Traveling Advent to Epiphany: Week 3

Traveling Advent to Epiphany: Week 3 December 9, 2012

Traveling Advent to Epiphany, Part 3: Roadside Assistance from Luke and Matthew

A Meditation on the Gospel for Advent Three: Luke 3:7-18

John said to the crowds that came out to be baptized by him, “You brood of vipers! Who warned you to flee from the wrath to come? Bear fruits worthy of repentance.”

Compared to this alarming bulletin, our 24-hour news cycle seems downright soothing.

With many other exhortations, he proclaimed the good news to the people.           

By “good news” Luke means rhetorical hellfire.

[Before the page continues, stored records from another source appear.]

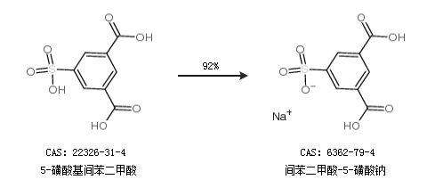 1.通过5-磺酸基间苯二甲酸合成间苯二甲酸-5-磺酸钠,收率约92%;
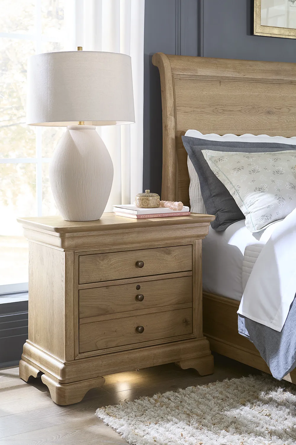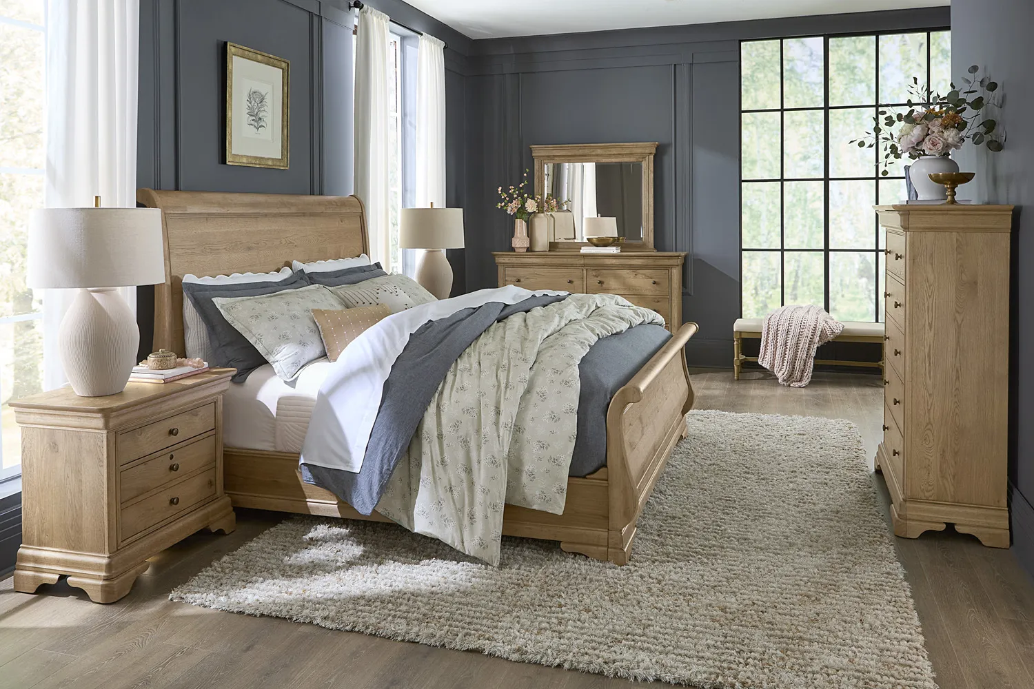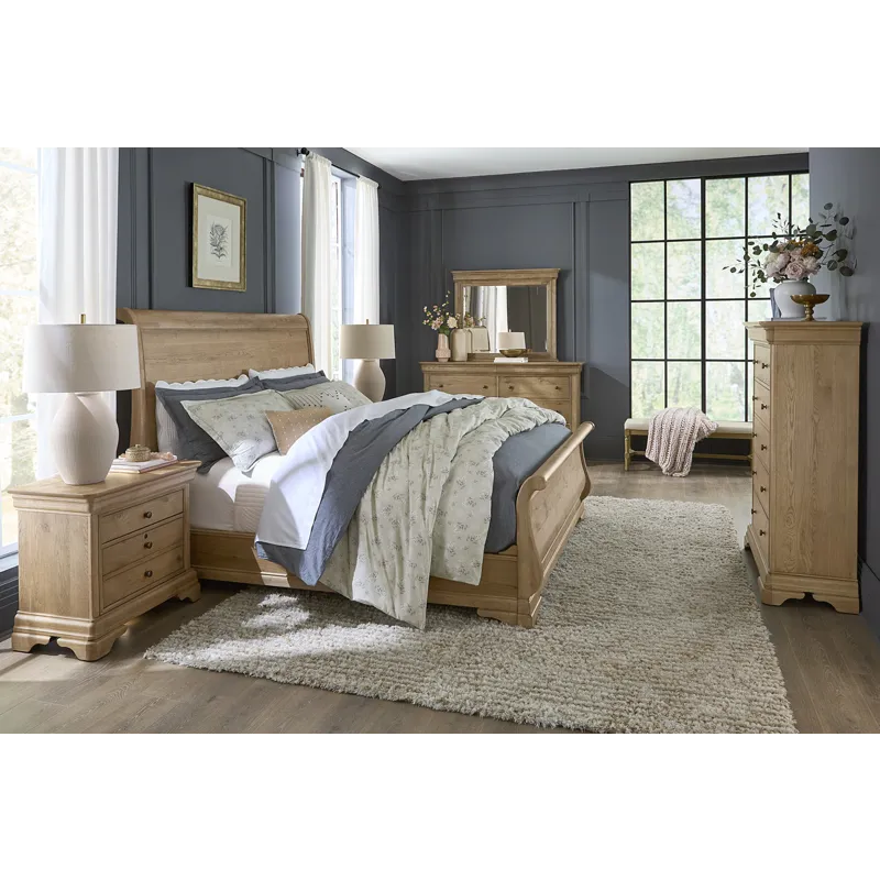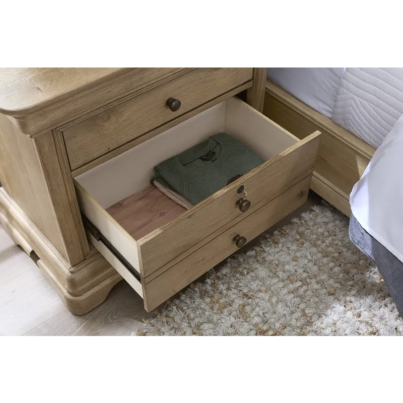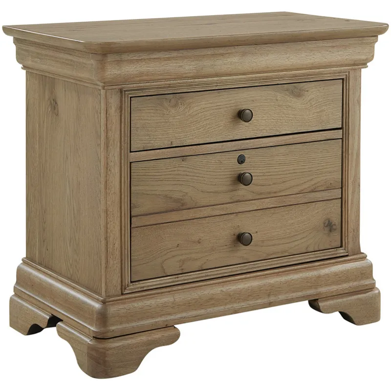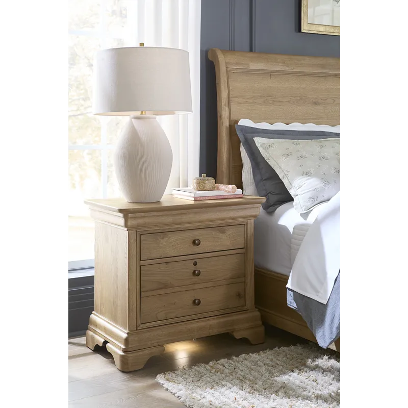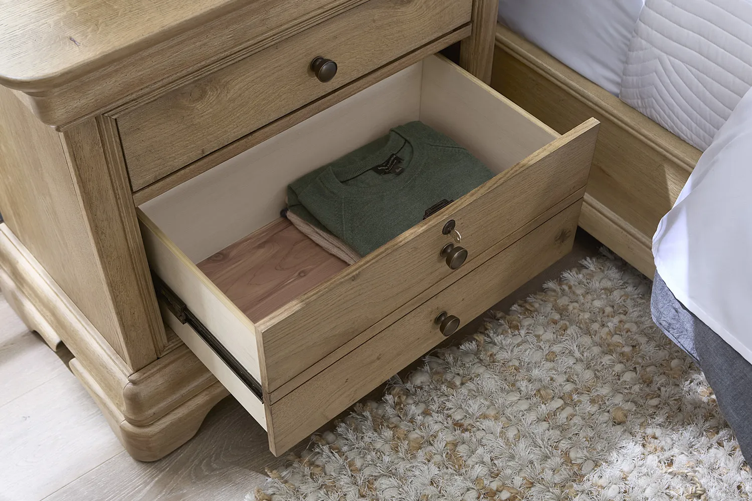 Blending traditional elegance with modern features, the Chateau Philippe Nightstand is the perfect companion to the sleigh bed, dresser, and chest. It offers a balance of beauty and practicality for today’s bedroom.
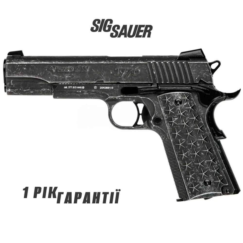Ліцензійна копія Sig Sauer Air 1911 не тільки технологічно досконалий пістолет з високими балістичними показниками, але й має просто шалений вигляд - спеціально потерта, «зістарена обробка», зірки на руків'ї, які символізують 50 штатів, напис збоку «1776» і «We The People» - це справжній ковбой!
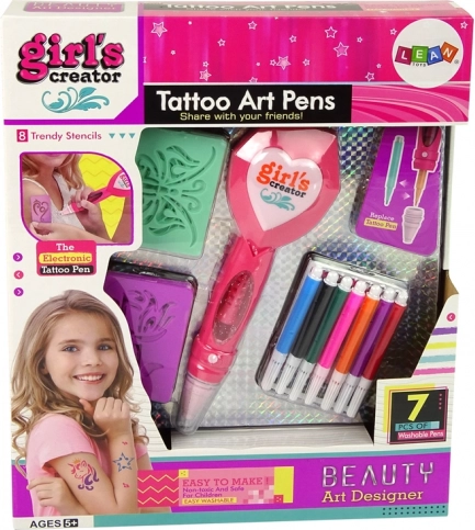 Descoperiți o distracție grozavă pentru copiii de la 5 ani în sus – setul pentru tatuaje temporare cu stilou electronic, care imită fidel funcționarea unei mașini de tatuat. Datorită markerelor speciale, tatuajele sunt sigure pentru piele și ușor de îndepărtat, astfel încât copiii se pot bucura de modele noi în fiecare zi.
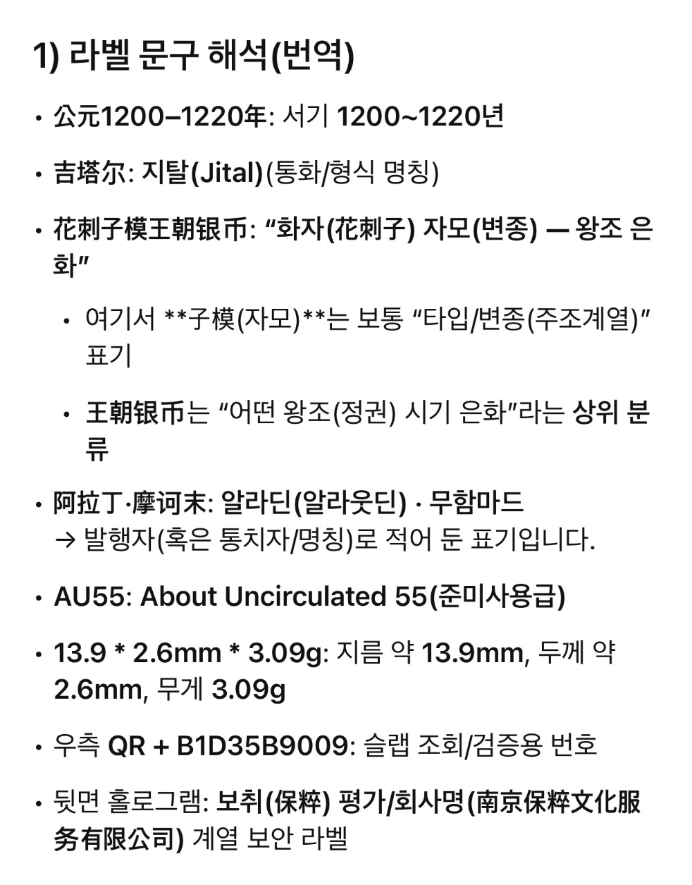 [은화] 1200-1220년 실크로드 은화 “지탈” AU 55
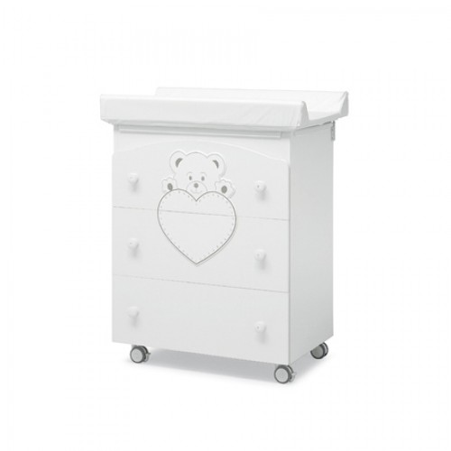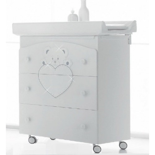 Пеленальный комод с ванночкой Erbesi Cucciolo предназначен для хранения детских вещей. Комод снабжен ванночкой, которую по истечении времени, когда малыш подрастет, можно будет убрать без ущерба для внешнего вида комода. Комод изготовлен из МДФ бука высокого качества, изящно украшен аппликацией и декорирован стразами Swarovski.
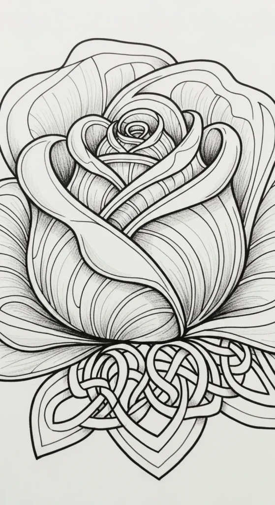 This is a gentle design with cultural flair. Keep the petals simple so it’s not too time-consuming. Try outlining a basic rose, then adding one or two looped lines inside. For a soft look, skip shading and leave open space. Test placement by printing a few sizes. This design works well on the forearm or lower leg.
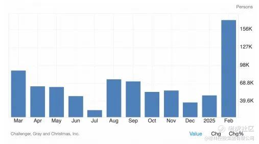 大家不要只看政府效率部在联邦政府层面裁了几个人,而要看联邦政府这一示范效应将会带来多少短期失业,尤其是地方政府和大企业都跟进的情况下会发生什么?下图是2月份的美国裁员人数,高达17.2万人,比1月增加了225%。其中政府直接裁员6.2万,零售业裁员3.9万,科技行业裁员1.5万。1-2月美国雇主累计裁员22.2万人,是2009年以来最高纪录。

Yet crowds thronged and clamored to hear John. His words and water rained down on their heads even as he deferred to the coming one more powerful than himself.

He will baptize you with the Holy Spirit and fire. His winnowing fork is in his hand, to clear his threshing floor and to gather the wheat into his granary; but the chaff he will burn with unquenchable fire.”

Liken this scene to a present-day crowd. An After-Midnight Blowout on Black Friday comes to mind. Sleep-deprived multitudes with tryptophan and Cold Duck hangovers storm Macy’s doors to get more and save more in order to give more. Lab-coated cosmetics hawkers spritz shoppers with spicy elixirs. An alleluia chorus erupts from a flash mob, the singers in parkas on up and down escalators harmonizing in excelsis Deo. The crowds below and crowds above raise their luminous phones in awed assent. Expectation seizes Associates in all Departments, even the plainclothes Theft Prevention Team Members keeping watch this night. The people collectively forget how small their paychecks, how great their debts, shall be, and are satisfied with their wages. All they know for now is this mercantile mass, this merry surge toward something wanted, bright and costly.

How different are we, really, from Abraham’s descendants and Sarah’s, those ancients who rushed to the river to be doused by John on a tirade? Our hearts may thud stone cold at the thought of one more winter, one more season of obligatory cheer. But something in us loves a crowd and even loves the dread the Advent scriptures foment. Week upon week of dire prophecies and dwindling shopping days heat our hearts and raise them to attention in December: Someone’s coming. Someone’s running out of time.

We are Abraham’s children, indeed. We are the choir John preaches at. Deeper down than our annual desire to give and get presents, we need what John’s baptisands needed: to forgive our debtors and be forgiven by the God who demands we make some fruitful changes.

The axe blade in all its edgy heft is poised to root us out. It implies a threat yet promises a world in which the righteous will produce and the surplus will benefit those who have nothing. It seems the bargain-hungry holiday hordes are on to something more than they may realize. They are agents of abundance and redistribution. After all, the Kingdom according to John looks like an urgent crowd stocking up on overcoats and foodstuffs, then giving them away. He said to them, “Whoever has two coats must share with anyone who has none; and whoever has food must do likewise.”

Or, Kingdom Come looks like the barn burner John foresees. He cannot even speak the incendiary name of the Lord. At the thought of his mere sandaled feet, John looks down at his own and confesses his puny humanity: “I am not worthy to untie the thong.”

John anticipates the glorious cremation of unnecessary things, including his own life, should his annihilation serve God’s greater purposes. We may see John as either mad or sane depending on how deeply we’re attached to our unexpurgated selves, how reluctant to see our chaff burned off.

Think of John when you strike the match to light that third Advent candle. Its rosy hue, its wick, the air surrounding it, and everything that breathes is subject to the burning John sees coming. We will be made good by messianic fire. Or John’s all wrong, and our redemption will come easy.